Arizona is Promoting Economic Liberty Through Occupational Licensing Reform

The Right to Earn a Living Act, along with additional occupational licensing reform, will reduce barriers to the workforce and create economic opportunity and liberty.


“Just because somebody packs up that moving van in Chicago, Illinois, they don’t lose their skills on the way to the state of Arizona. Why should somebody have to suffer the burden of thousands of dollars or weeks or months of re-certification in a skill that they already have?” argued Arizona Governor Doug Ducey in referring to the need to reform his state’s occupational licensing laws.  The Arizona legislature is considering legislation that “would allow anyone who already holds an occupational license in one state to be automatically eligible for a license to practice the same occupation in Arizona.” Some additional aspects of the bill include a criminal background check and reciprocity for out-of-state licenses for military families.

The Institute for Justice ranks Arizona as one of the worst states for occupational licensing.  On average Arizona requires “$455 in fees, 599 days — more than one-and-a-half years — in education and experience and two exams, as well as grade and age requirements.  It also licenses 64 occupations.”

The legislation under consideration would begin the process of reversing burdensome occupational licensing. The measure would still require fees and examinations if applicable, but it provides an economic incentive for both individuals and the state. “One benefit of this measure is obvious: it would allow people from other states to integrate quickly into the work force, saving them a lot of costs in the process. That leads to another benefit that is somewhat less obvious: more competition in Arizona’s licensed occupations, which means lower prices for consumers,” wrote David R. Henderson, who is a research fellow and economist with the Hoover Institution.

This legislation will continue Governor Ducey’s efforts at reforming Arizona’s occupational licensing laws. In 2017, Governor Ducey issued an executive order that requires licensing boards to review requirements and fees. In addition to the executive order, Governor Ducey signed the Right to Earn a Living Act, which restricts “state boards from issuing any new occupational licensing rules that can’t be justified on health and safety grounds.”

The Right to Earn a Living Act is an additional protection for workers, because if the state or board “wants to restrict a person’s right to earn an honest living, the burden is on the government, not the job-seeker, to prove that the restriction is appropriate.” Governor Ducey recently strengthened this law that will “require state licensing boards to notify people of their right to challenge an adverse action…”

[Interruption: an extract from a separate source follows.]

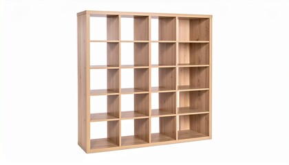 Bright natural wood cube storage unit, offering versatile modular shelving for decluttering and organizing any modern living space or office environment

Jon Riches, who serves as Goldwater Institute’s Director of National Litigation, described the impact of this reform when he stated:

In most professions, job-seekers shouldn’t have to seek out government permission in order to work in the field of their choice. Rather, the government should be tasked with proving that licensing requirements actually protect the public before restricting a person’s right to earn a living. Arizona’s Right to Earn a Living Act puts that burden of proof where it should be: on the government. And now, Arizonans can be sure that they will know their rights under this law and be better able to work in the field of their choice when their rights have been denied.

Other states should consider the occupational licensing reform measures that are taking place in states such as Arizona, Nebraska, and Ohio, among others. Reforming burdensome occupational licensing laws will not only create more economic opportunities for citizens, but also result in greater economic liberty. A growing workforce is a priority for most states and occupational licensing reform is one policy that will work toward creating more opportunities for job seekers.  The goal of public policy should be to remove barriers and not create roadblocks to benefit special interests.